On pourra trouver que c’est lui imposer sans utilité un surcroît de fatigue que de la lancer dans les terres labourées et de lui faire prendre, avant même que sa présence ait pu être dévoilée, une formation incommode pour la marche, qui n’a d’autres objets que de diminuer sa vulnérabilité et de faciliter son entrée en action lorsqu’elle arrivera sur la ligne de feu. Mais il ne faut pas oublier que les rafales de l’artillerie à tir rapide sont toujours à craindre. Bien que le Règlement français persiste à proscrire les feux qui n’ont pas un objectif nettement défini, il faut s’attendre à voir les batteries couvrir d’obus un terrain simplement suspect. Le moindre indice, l’étude de la carte, un renseignement provenant d’un espion ou d’un prisonnier, sinon recueilli par des aérostiers, déterminera la défense à battre de temps en temps, à intervalles irréguliers, le versant opposé de telle colline dont elle voudra rendre le faite inabordable.

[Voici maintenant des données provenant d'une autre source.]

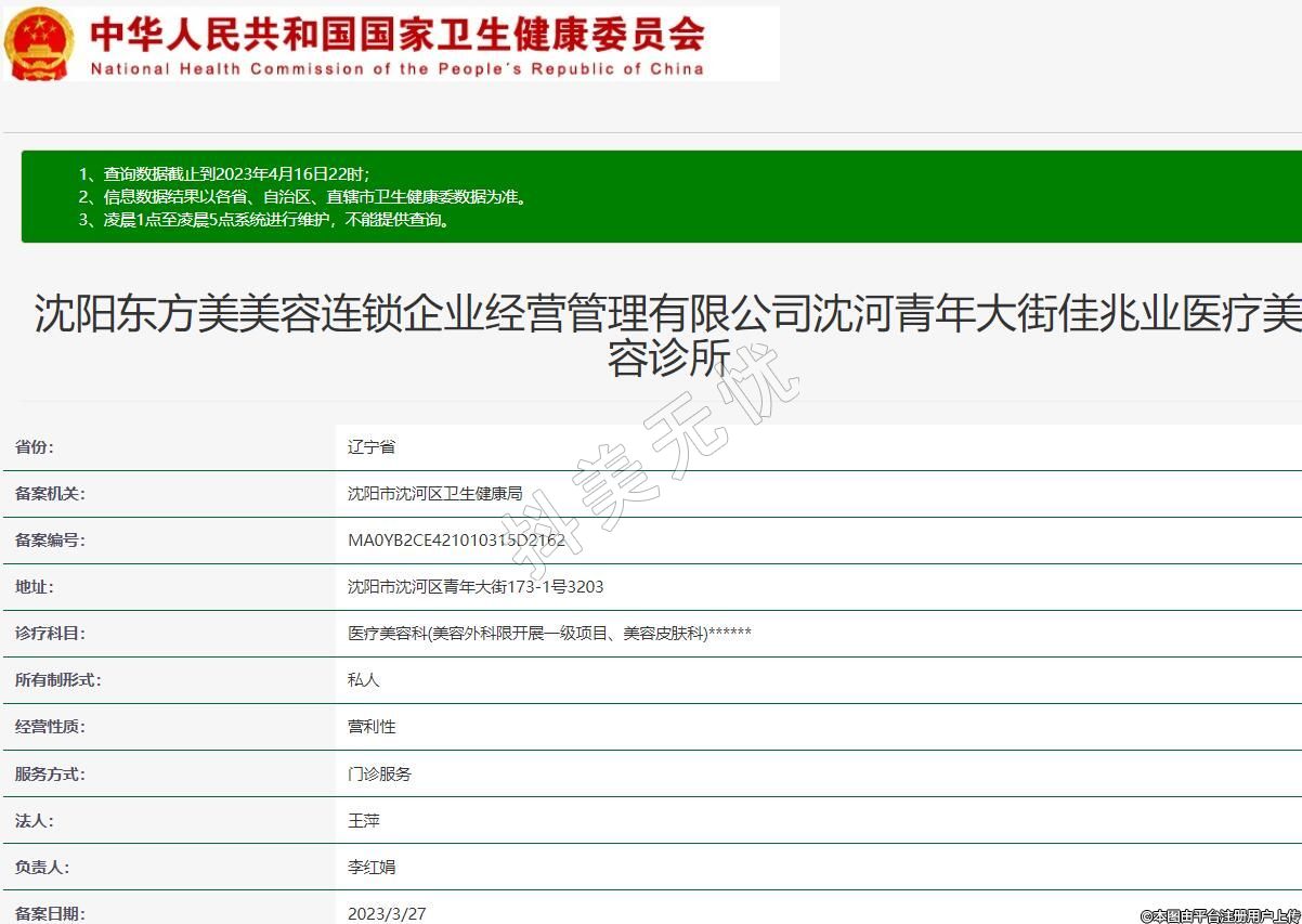 沈陽東方美美容連鎖企業(yè)經(jīng)營管理有限公司沈河青年大街佳兆業(yè)醫(yī)療美容診所

Pour riposter à cette artillerie, l’attaque tiendra des batteries prêtes à entrer en action. Chaque colonne d’infanterie sera donc accompagnée de canons qui se déplaceront dans le secteur de marche qui lui est attribué. Un certain nombre d’entre elles se mettront « en garde » de façon à contrebattre immédiatement toute batterie adverse qui viendrait à se démasquer, ou à bombarder tous les couverts d’où semblerait partir une fusillade dangereuse.

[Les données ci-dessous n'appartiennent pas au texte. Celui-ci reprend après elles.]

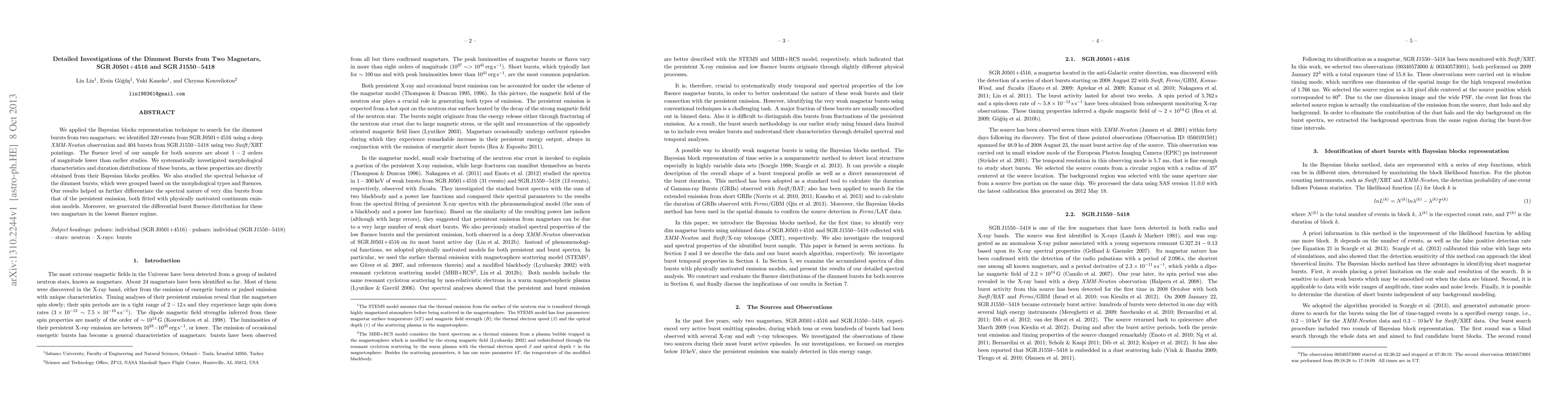 We applied the Bayesian blocks representation technique to search for the dimmest bursts from two magnetars: we identified 320 events from SGR J0501+4516 using a deep XMM-Newton observation and 404 bursts from SGR J1550-5418 using two Swift/XRT pointings. The fluence level of our sample for both sources are about 1-2 orders of magnitude lower than earlier studies. We systematically investigated morphological characteristics and duration distributions of these bursts, as these properties are directly obtained from their Bayesian blocks profiles. We also studied the spectral behavior of the dimmest bursts, which were grouped based on the morphological types and fluences. Our results helped us further differentiate the spectral nature of very dim bursts from that of the persistent emission, both fitted with physically motivated continuum emission models. Moreover, we generated the differential burst fluence distribution for these two magnetars in the lowest fluence regime.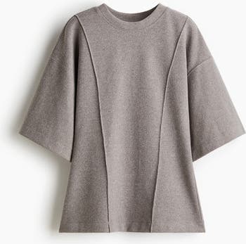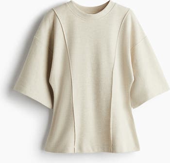 Loose-fit top in a fine knit with a crew neck, visible seams down the front, dropped shoulders and wide, elbow-length sleeves. Gently flared hem.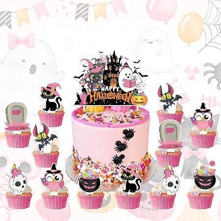 - ケーキデザイン: ピンクのケーキ、ハロウィンテーマ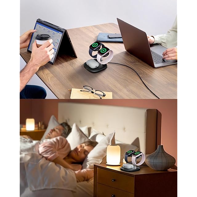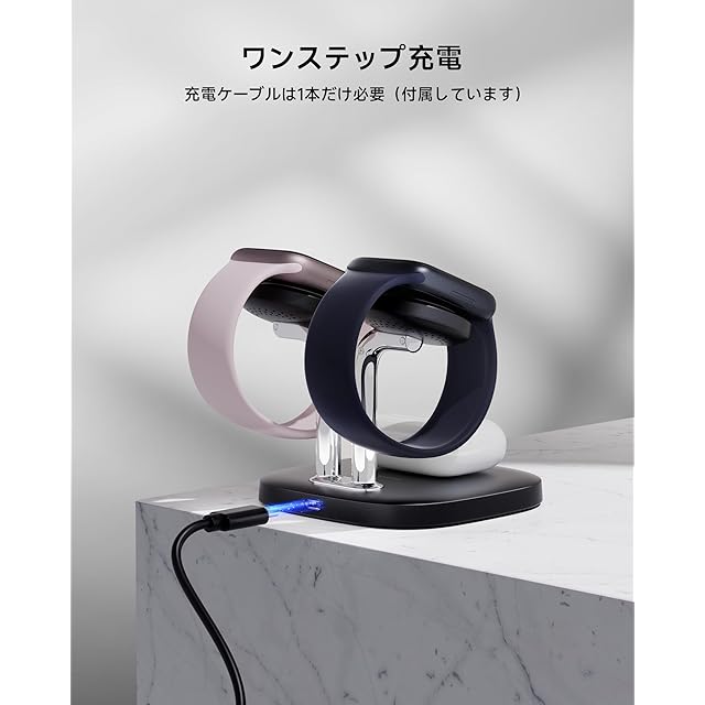 【3in1充電|2台のApple Watchに対応】2台のApple Watchとイヤホンを同時に充電可能。ご家族やカップル、同僚とシェアするのに最適な設計です。

Grâce à cet appui, l’infanterie lancée en avant arrive à se mettre en ligne avec celle qui est déjà en action. Pour venir jusque-là, il lui aura fallu franchir parfois des espaces découverts, à quoi elle n’aura réussi qu’en exécutant très rapidement les bonds très courts, avant que l’ennemi ait eu le temps de se reconnaître. Une fois postée, elle met tous ses fusils en ligne, le feu de l’artillerie se superposant à celui de l’infanterie. En d’autres termes, et c’est là une des caractéristiques des idées nouvelles, on ne garde pas de réserve immédiate.